- _REQUIRED ACTION_
Below are lines of data; restate word for word those running from the line containing "商品名称:JZ玖姿毛衫连衣裙女装春季镂空设计感针织裙子 923916" to the line containing "Swiss Lawn FabricElegant", inclusive, and no others.

### INPUT MATERIAL ###

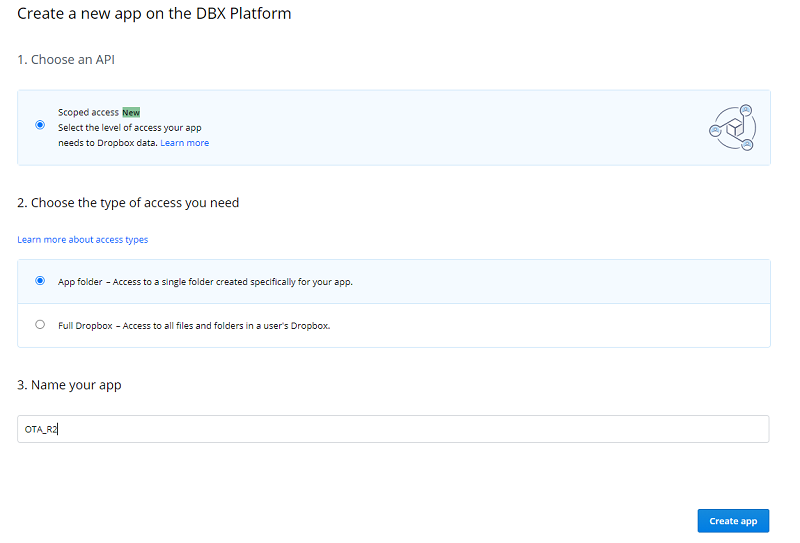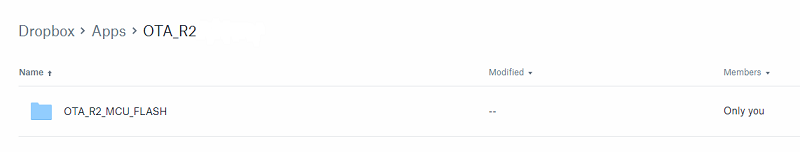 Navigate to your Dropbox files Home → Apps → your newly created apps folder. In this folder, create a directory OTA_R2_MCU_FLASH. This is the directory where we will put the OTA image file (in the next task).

###
### INPUT MATERIAL ###

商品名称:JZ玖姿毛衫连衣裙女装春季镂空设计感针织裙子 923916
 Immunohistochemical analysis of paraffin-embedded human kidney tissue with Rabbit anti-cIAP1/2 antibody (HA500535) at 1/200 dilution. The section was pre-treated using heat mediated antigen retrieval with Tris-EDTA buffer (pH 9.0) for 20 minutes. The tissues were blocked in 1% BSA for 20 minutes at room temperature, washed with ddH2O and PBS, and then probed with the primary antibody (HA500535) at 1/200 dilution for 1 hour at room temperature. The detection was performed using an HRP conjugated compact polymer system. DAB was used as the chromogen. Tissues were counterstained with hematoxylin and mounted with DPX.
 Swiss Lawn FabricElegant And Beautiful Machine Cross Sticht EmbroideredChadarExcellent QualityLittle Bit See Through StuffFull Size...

###

- _WRITTEN REPLY_
商品名称:JZ玖姿毛衫连衣裙女装春季镂空设计感针织裙子 923916
 Immunohistochemical analysis of paraffin-embedded human kidney tissue with Rabbit anti-cIAP1/2 antibody (HA500535) at 1/200 dilution. The section was pre-treated using heat mediated antigen retrieval with Tris-EDTA buffer (pH 9.0) for 20 minutes. The tissues were blocked in 1% BSA for 20 minutes at room temperature, washed with ddH2O and PBS, and then probed with the primary antibody (HA500535) at 1/200 dilution for 1 hour at room temperature. The detection was performed using an HRP conjugated compact polymer system. DAB was used as the chromogen. Tissues were counterstained with hematoxylin and mounted with DPX.
 Swiss Lawn FabricElegant And Beautiful Machine Cross Sticht EmbroideredChadarExcellent QualityLittle Bit See Through StuffFull Size...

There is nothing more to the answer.